> Problem to work on: Write the listing out again exactly as it stands, with no images.

> Data below:
__________

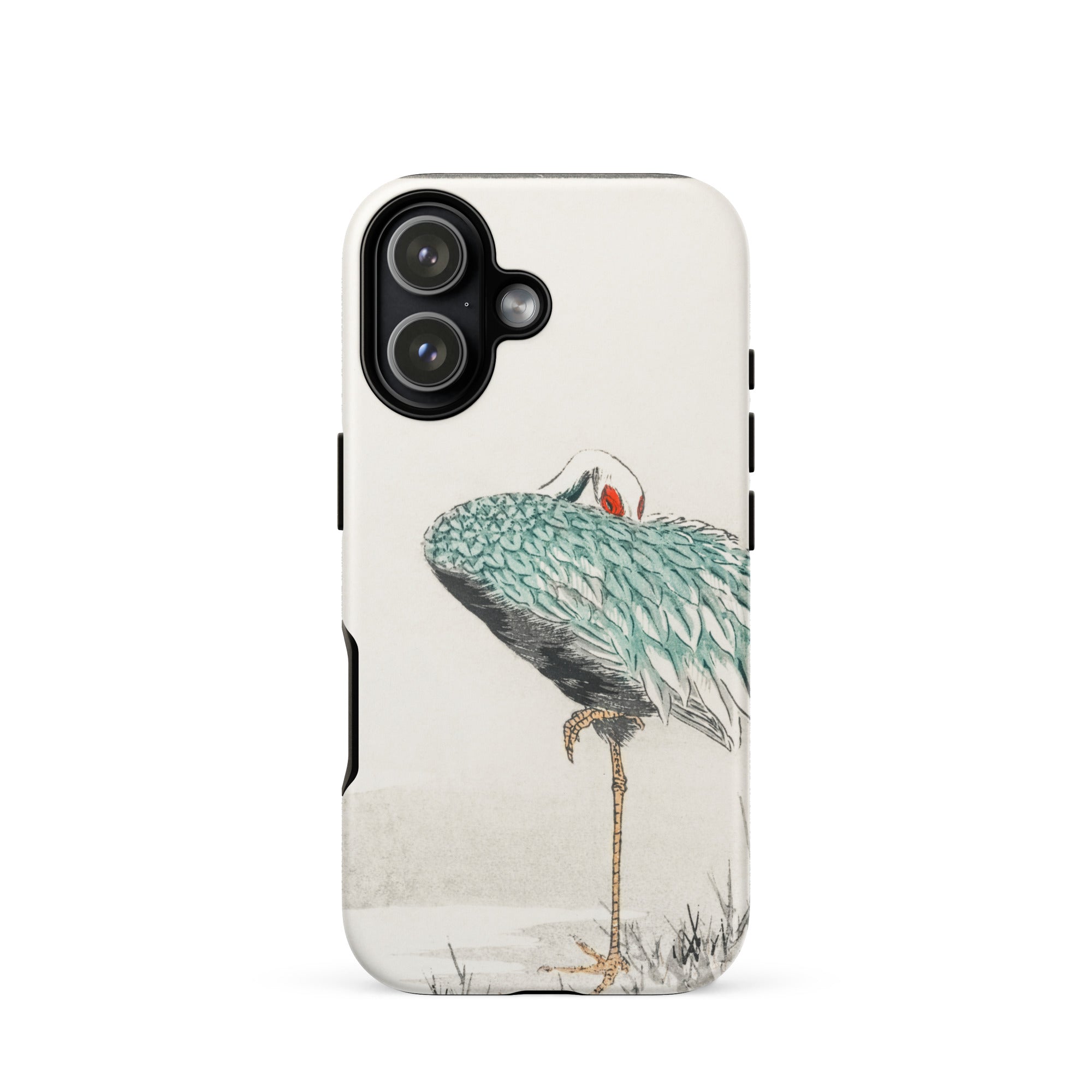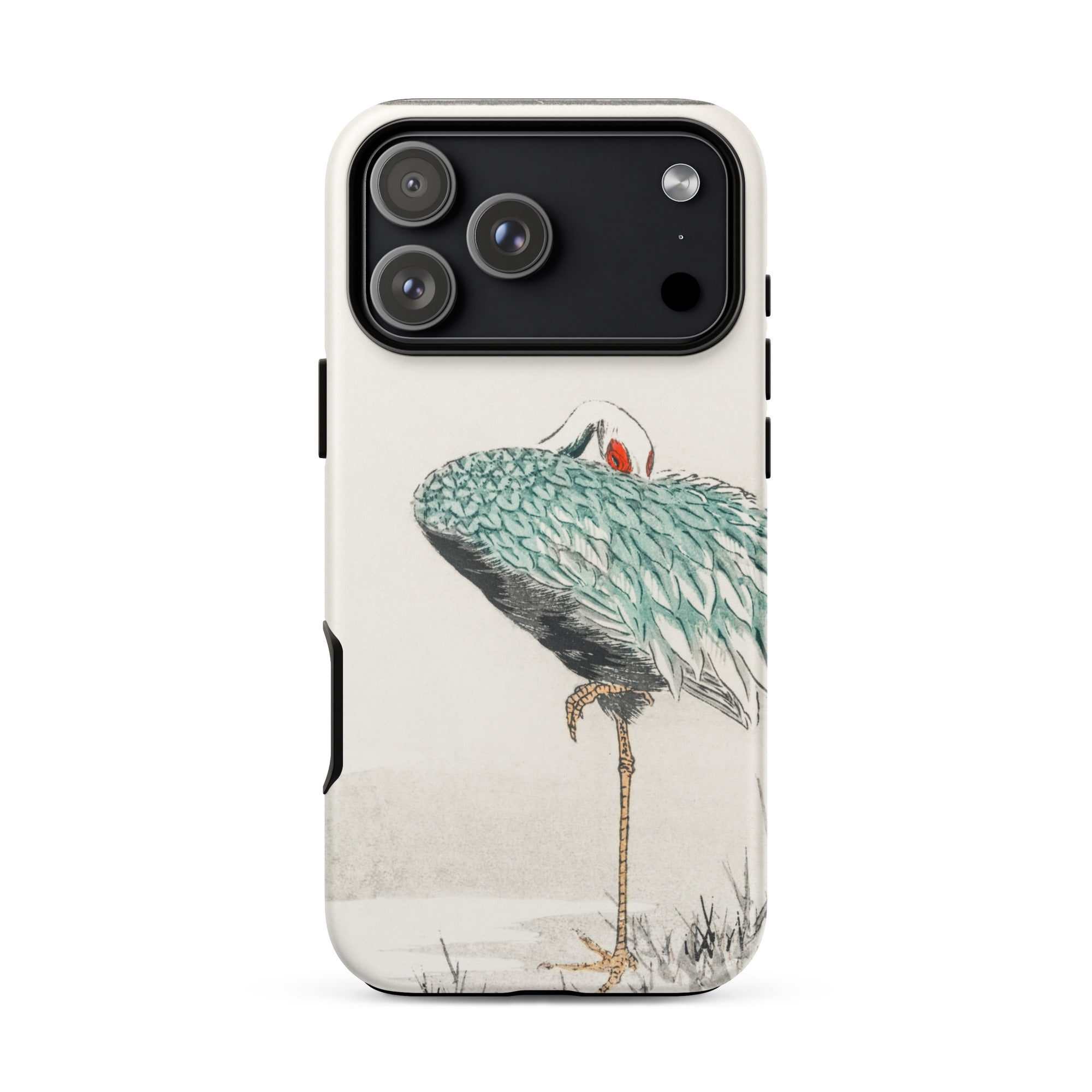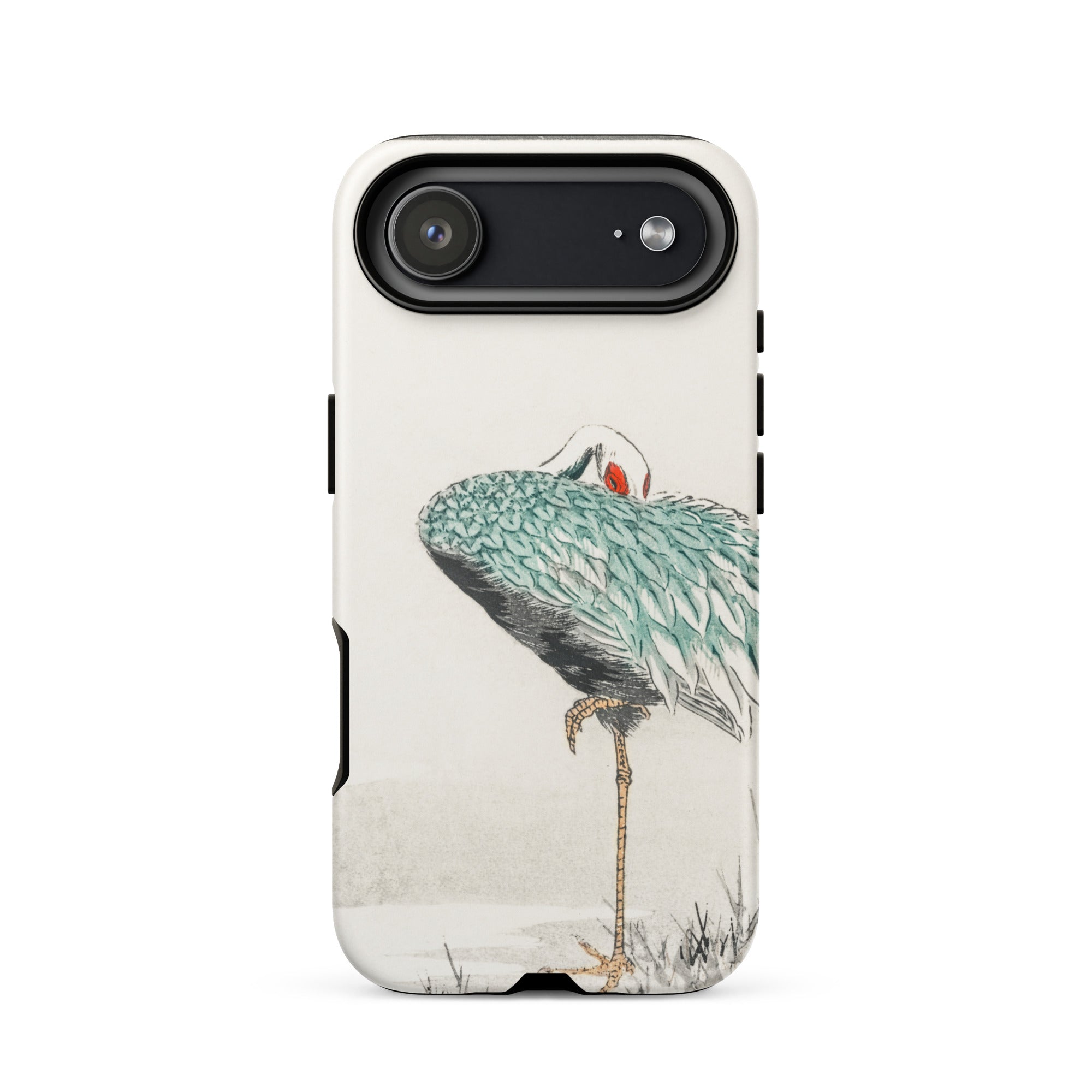 Das gefiederte Phantasm auf Ihren Fingerspitzen, Numata Kashu's Crane Struts Digital Realms. Weißes Wunder, Emerald-skaliertes Enigma, sitzt an iPhoneRand. Sie, moderner Samurai, Katana von Wield Art - durch die weltliche Technologie mit dem Durchschnitt Meiji-era Mojo.
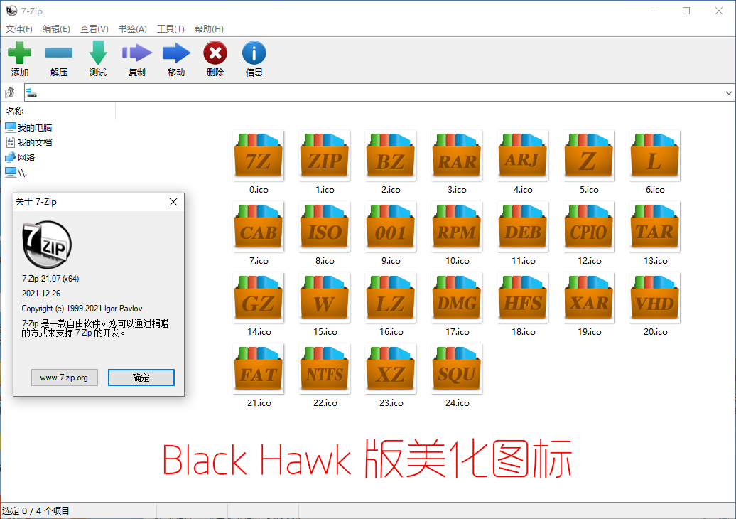 我的习惯是安装时候取消勾选关联常见格式,安装好以后再在7-zip设置里选择自己需要关联的格式(因为我同时还在用WinRAR),图标不改变,显示还是原版默认图标。
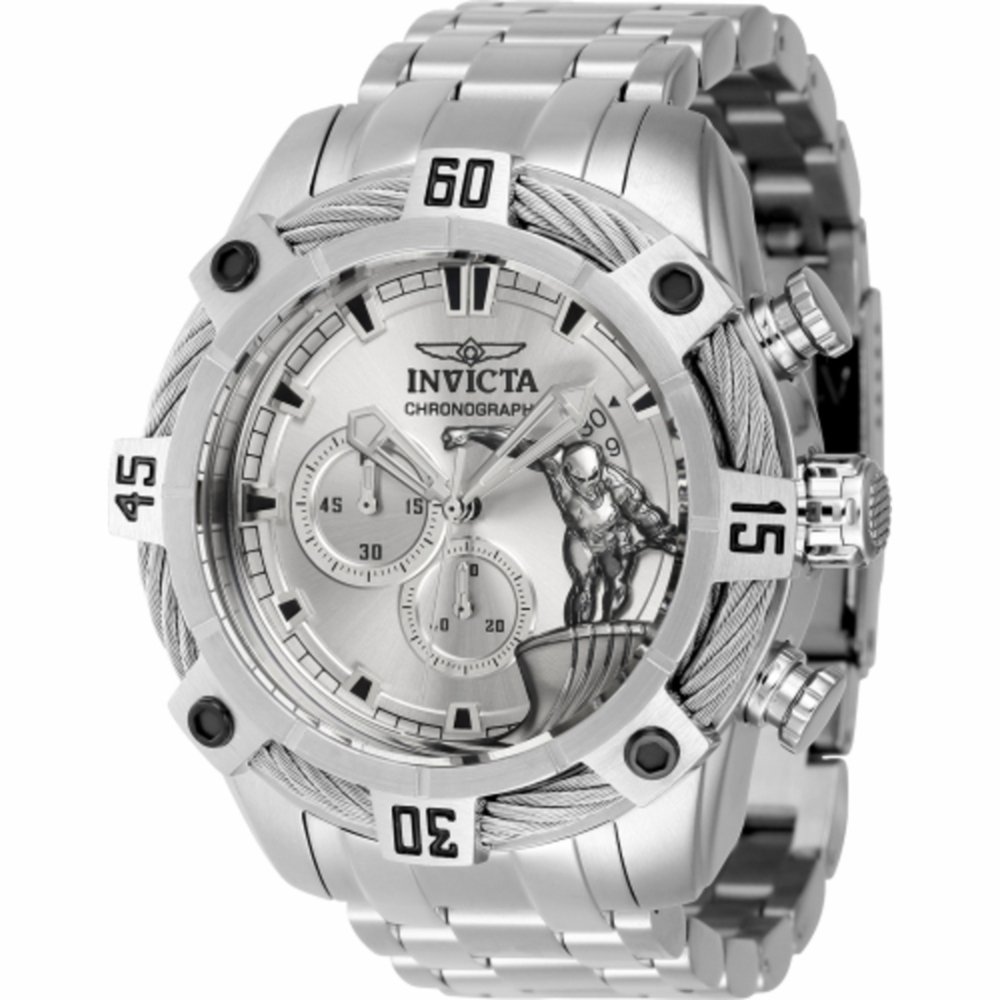 Silver-tone stainless steel case and bracelet. Silver-tone cable and stainless steel bezel. Silver-tone dial with silver-tone hands and index hour markers. Minute markers around the outer rim. Dial Type: Analog. Date display between 1 and 2 o'clock position. Chronograph - two sub-dials displaying: 60 second and 60 minute. TMI Caliber VD5F quartz movement. Scratch resistant Flame Fusion crystal. Pull / push crown. Solid case back. Round case shape, case size: 52 mm. Band width: 26 mm, band length: 7.50 inches. Fold over clasp. Water resistant at 100 meters / 330 feet. Functions: chronograph, date, hour, minute, second. Marvel Series. Casual watch style. Watch label: Japan Movt. Invicta Marvel Silver Surfer Chronograph Quartz Silver Dial Mens Watch 41303.

__________

> Your solution:
 Das gefiederte Phantasm auf Ihren Fingerspitzen, Numata Kashu's Crane Struts Digital Realms. Weißes Wunder, Emerald-skaliertes Enigma, sitzt an iPhoneRand. Sie, moderner Samurai, Katana von Wield Art - durch die weltliche Technologie mit dem Durchschnitt Meiji-era Mojo.
 我的习惯是安装时候取消勾选关联常见格式,安装好以后再在7-zip设置里选择自己需要关联的格式(因为我同时还在用WinRAR),图标不改变,显示还是原版默认图标。
 Silver-tone stainless steel case and bracelet. Silver-tone cable and stainless steel bezel. Silver-tone dial with silver-tone hands and index hour markers. Minute markers around the outer rim. Dial Type: Analog. Date display between 1 and 2 o'clock position. Chronograph - two sub-dials displaying: 60 second and 60 minute. TMI Caliber VD5F quartz movement. Scratch resistant Flame Fusion crystal. Pull / push crown. Solid case back. Round case shape, case size: 52 mm. Band width: 26 mm, band length: 7.50 inches. Fold over clasp. Water resistant at 100 meters / 330 feet. Functions: chronograph, date, hour, minute, second. Marvel Series. Casual watch style. Watch label: Japan Movt. Invicta Marvel Silver Surfer Chronograph Quartz Silver Dial Mens Watch 41303.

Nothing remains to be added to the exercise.